Read The Lola Quartet Page 24


  A f e w hours earlier Anna had been lying on top of the sofa bed in the storage room at Paul's house, watching the movement of the fan on the ceiling above. A charitable organization at the hospital had given Anna an infant car seat, a package of diapers, a bottle and formula, some brochures. She threw out the brochure about adoption and read the others over and over again, trying to memorize everything. Paul's house wasn't home but she didn't know where else she could go, marooned as she was that night in the Kingdom of Deseret. She was alone in the storage room with her baby and she'd been putting Chloe to sleep in the car seat at night, because she was afraid of rolling over on her in the bed. Daniel was living in an upstairs room, not speaking to her. Sasha had wired her two hundred dollars. Anna took expensive taxis to the pharmacy for diapers and infant formula. She didn't know what she would do when the money ran out, if it would be possible to ask Daniel for more. Whenever she saw him in passing in the house he looked at her with such fury that words froze in her throat. She tried to avoid him.
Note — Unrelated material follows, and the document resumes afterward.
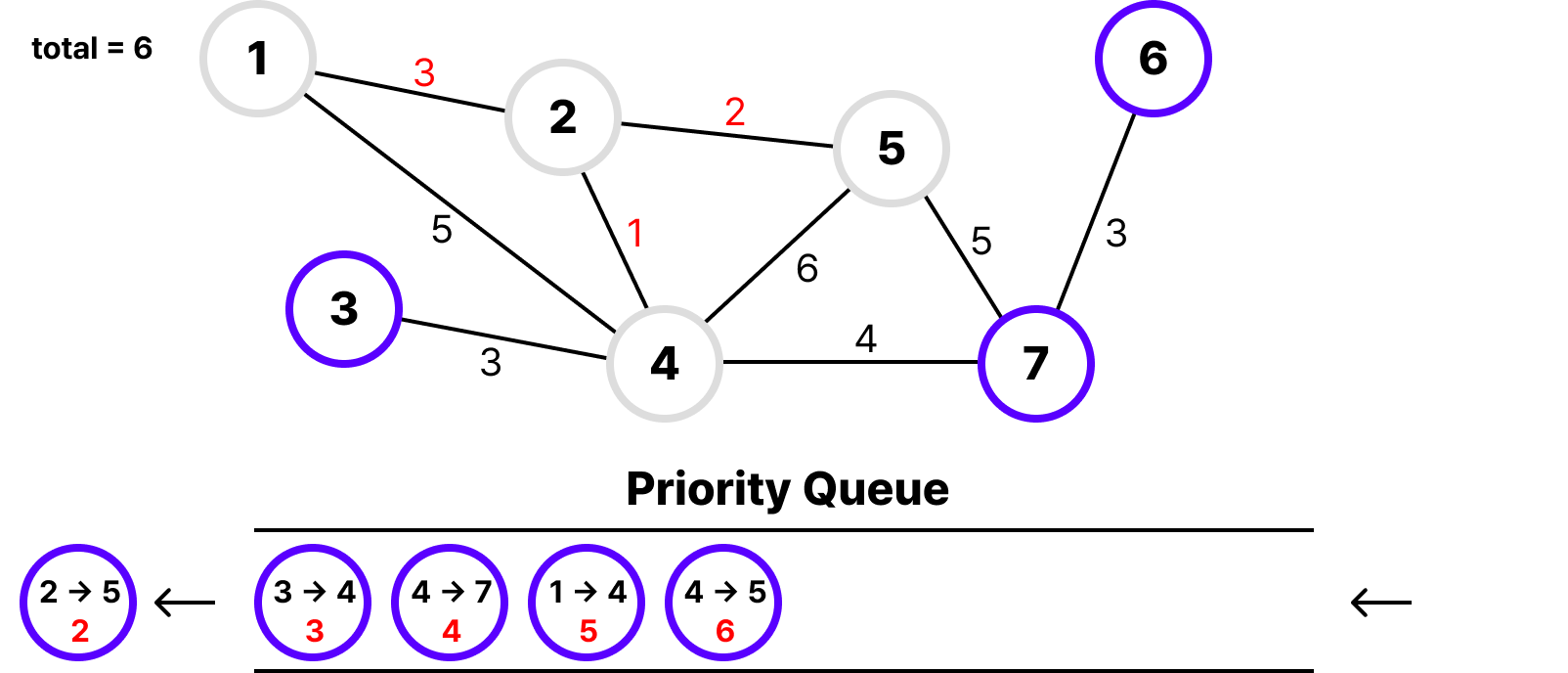 우선순위 큐에서 가중치가 가장 낮은 노드를 추출했습니다. 2번 노드에서 5번 노드로 향하는 간선이므로 total에 2를 더하면서 5번 노드를 방문 처리합니다.
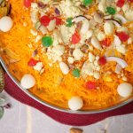 -Garnish with khoya,tutti fruiti,almonds,pistachios,dried coconut,cham cham & serve!

  How well did she know Daniel? Not well, when she considered the question, but who else did she have? There was Sasha far away in Florida, struggling. There was Gavin, but the thought of Gavin filled her with guilt and approaching him seemed unthinkable after what she'd done; she had ideas about honor and knew she'd transgressed. She wasn't sure what would become of her, or what Daniel would do. Every part of her ached with exhaustion. Days slipped into a week and then two and even music didn't soothe her. Chloe slept and woke, cried and made small noises, gurgled and kicked her feet. Anna had never imagined such an intensity of love.

  On the night she took the money she was restless and ill at ease. When Chloe finally fell asleep Anna lay on her back on the sofa bed, fully dressed. Shadows passed over the ceiling from a branch blowing in front of the backyard light, and a cold wind came into the room. She stood to close the window, and this was when she heard them. Paul and Daniel were in the backyard, far back in the shadows by the picnic bench under the tree. A woman's voice, Paul's girlfriend, a too-thin woman with blond hair whom Anna had seen only in passing. The faint smell of cigarettes. She didn't hear what Paul said— she caught her name and the word responsibility, nothing else— but Daniel's reply carried clearly on the breeze.

  "I could kill her," he said. "That's how angry I am."

  She stepped away from the window. Chloe was still sleeping. All she could think of as she left the room and slipped down the stairs to the basement was Paul beating that man in the backyard a few months earlier, the blood on the grass the following morning. You're judged by the company you keep, a social worker had told her once, you are the company you keep, and wasn't Daniel Paul's friend?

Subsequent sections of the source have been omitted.